Directions:
Give back only the lines in the records below from the one with "I suoi costumi/archetipo" to the one with "Dad has set", both inclusive, word for word.

Records for this exercise:
━━━━━━━━

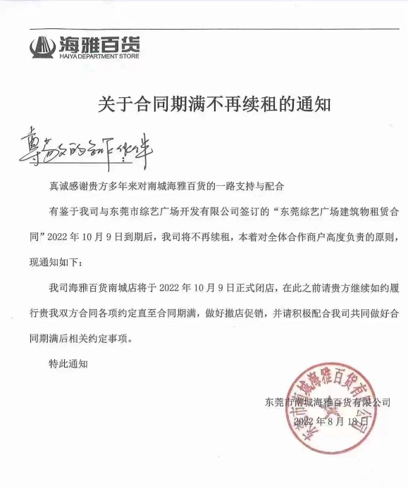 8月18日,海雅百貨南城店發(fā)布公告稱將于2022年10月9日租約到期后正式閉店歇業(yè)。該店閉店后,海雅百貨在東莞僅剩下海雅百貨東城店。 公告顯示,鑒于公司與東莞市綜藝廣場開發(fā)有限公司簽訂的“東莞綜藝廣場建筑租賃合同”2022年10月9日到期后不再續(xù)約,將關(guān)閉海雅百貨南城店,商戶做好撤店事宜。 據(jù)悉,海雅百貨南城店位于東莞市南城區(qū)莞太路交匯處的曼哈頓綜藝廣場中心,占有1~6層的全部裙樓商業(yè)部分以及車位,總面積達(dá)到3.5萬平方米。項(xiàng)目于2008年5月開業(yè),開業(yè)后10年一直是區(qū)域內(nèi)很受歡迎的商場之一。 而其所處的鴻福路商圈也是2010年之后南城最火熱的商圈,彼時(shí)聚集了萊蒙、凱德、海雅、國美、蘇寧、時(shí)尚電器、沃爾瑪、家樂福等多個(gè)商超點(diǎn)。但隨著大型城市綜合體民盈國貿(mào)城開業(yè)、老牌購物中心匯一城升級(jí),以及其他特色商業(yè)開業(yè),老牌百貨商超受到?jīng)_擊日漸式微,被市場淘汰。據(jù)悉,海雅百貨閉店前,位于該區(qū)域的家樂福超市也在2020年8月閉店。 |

━━━━━━━━

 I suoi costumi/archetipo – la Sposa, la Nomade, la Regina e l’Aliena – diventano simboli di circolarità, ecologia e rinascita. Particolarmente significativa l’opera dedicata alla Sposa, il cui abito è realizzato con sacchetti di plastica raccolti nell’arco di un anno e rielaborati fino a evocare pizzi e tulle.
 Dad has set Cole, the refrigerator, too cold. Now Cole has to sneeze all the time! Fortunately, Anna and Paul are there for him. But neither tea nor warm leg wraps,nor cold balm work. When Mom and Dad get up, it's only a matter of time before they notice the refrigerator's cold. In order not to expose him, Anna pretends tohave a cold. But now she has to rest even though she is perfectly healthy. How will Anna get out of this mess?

━━━━━━━━

Reply:
 I suoi costumi/archetipo – la Sposa, la Nomade, la Regina e l’Aliena – diventano simboli di circolarità, ecologia e rinascita. Particolarmente significativa l’opera dedicata alla Sposa, il cui abito è realizzato con sacchetti di plastica raccolti nell’arco di un anno e rielaborati fino a evocare pizzi e tulle.
 Dad has set Cole, the refrigerator, too cold. Now Cole has to sneeze all the time! Fortunately, Anna and Paul are there for him. But neither tea nor warm leg wraps,nor cold balm work. When Mom and Dad get up, it's only a matter of time before they notice the refrigerator's cold. In order not to expose him, Anna pretends tohave a cold. But now she has to rest even though she is perfectly healthy. How will Anna get out of this mess?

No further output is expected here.